4.1. Clinical Notes Dataset

We used a public dataset called FairCLIP developed by Harvard researchers, as described in [27]. FairCLIP contains 10,000 clinical notes paired with fundus images from 10,000 glaucoma patients who received glaucoma services at Massachusett Eye and Ear. We only used the 10,000 clinical notes for our study to investigate the performance of glaucoma detection using clinical notes only. These clinical notes contain rich textual information recorded during patient visits. The dataset also includes demographic attributes such as age, gender, race, ethnicity, language, and marital status, which can influence glaucoma diagnosis and model fairness.

The clinical notes have an average length of 925 characters, capturing detailed descriptions of the patient history, examination findings, and disease progression. The dataset is relatively balanced, with 50.48% of cases labeled as glaucoma-positive and 49.52% labeled as glaucoma-negative.

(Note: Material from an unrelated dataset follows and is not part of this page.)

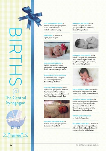 DAVID AND JODI ISAACS on the birth of a daughter, and grandparents, Paul and Val Isaacs and Les and Elana Weiner ADAM AND NADINE JOHNS on the birth of their daughter, and grandparents, Stephen Johns and Michele Bender, Anna Johns, Hilda Yamen, David Yamen & great grandparents, Farha Shamoon and Nechama Sharar
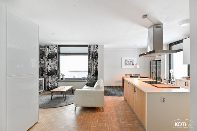 Tässä toimivapohjaisessa asunnossa on kaksi tilavaa makuuhuonetta, vaatehuone, erillinen wc sekä saunallinen kylpyhuone, josta käynti lasitetulle parvekkeelle. Keittiö olohuone ja ruokailutila muodostavat erittäin avaran ja valoisan kokonaisuuden. Lisäksi olohuoneesta on käynti toiselle lasitetulle parvekkeelle.

In this dataset, 76.9% of data are for the White race, 14.9% for the Black race, and 8.19% for the Asian race.

4.2. Experimental Setup

To assess the performance of the deep learning models, the following standard classification metrics were employed:

Area Under the Receiver Operating Characteristic Curve (AUC-ROC): Measured the model’s ability to distinguish between glaucoma and non-glaucoma cases.
Accuracy: Proportion of correctly classified cases.
Sensitivity (Recall): Measured the percentage of glaucoma cases correctly identified by the model.
Specificity: Measured the percentage of correctly classified non-glaucoma cases.
Confusion Matrix: Provided insight into false positive and false negative rates.

4.3. Model Parameters

In this study, the LSTM model consisted of two layers, with the first LSTM layer containing 32 hidden units and the second layer containing 16 hidden units. Each layer applied L1 and L2 regularization to prevent overfitting, along with batch normalization and a dropout rate of 0.3 to enhance model generalization. The model was trained using the Adam optimizer with a learning rate of 0.001 for 14 epochs and a batch size of 32.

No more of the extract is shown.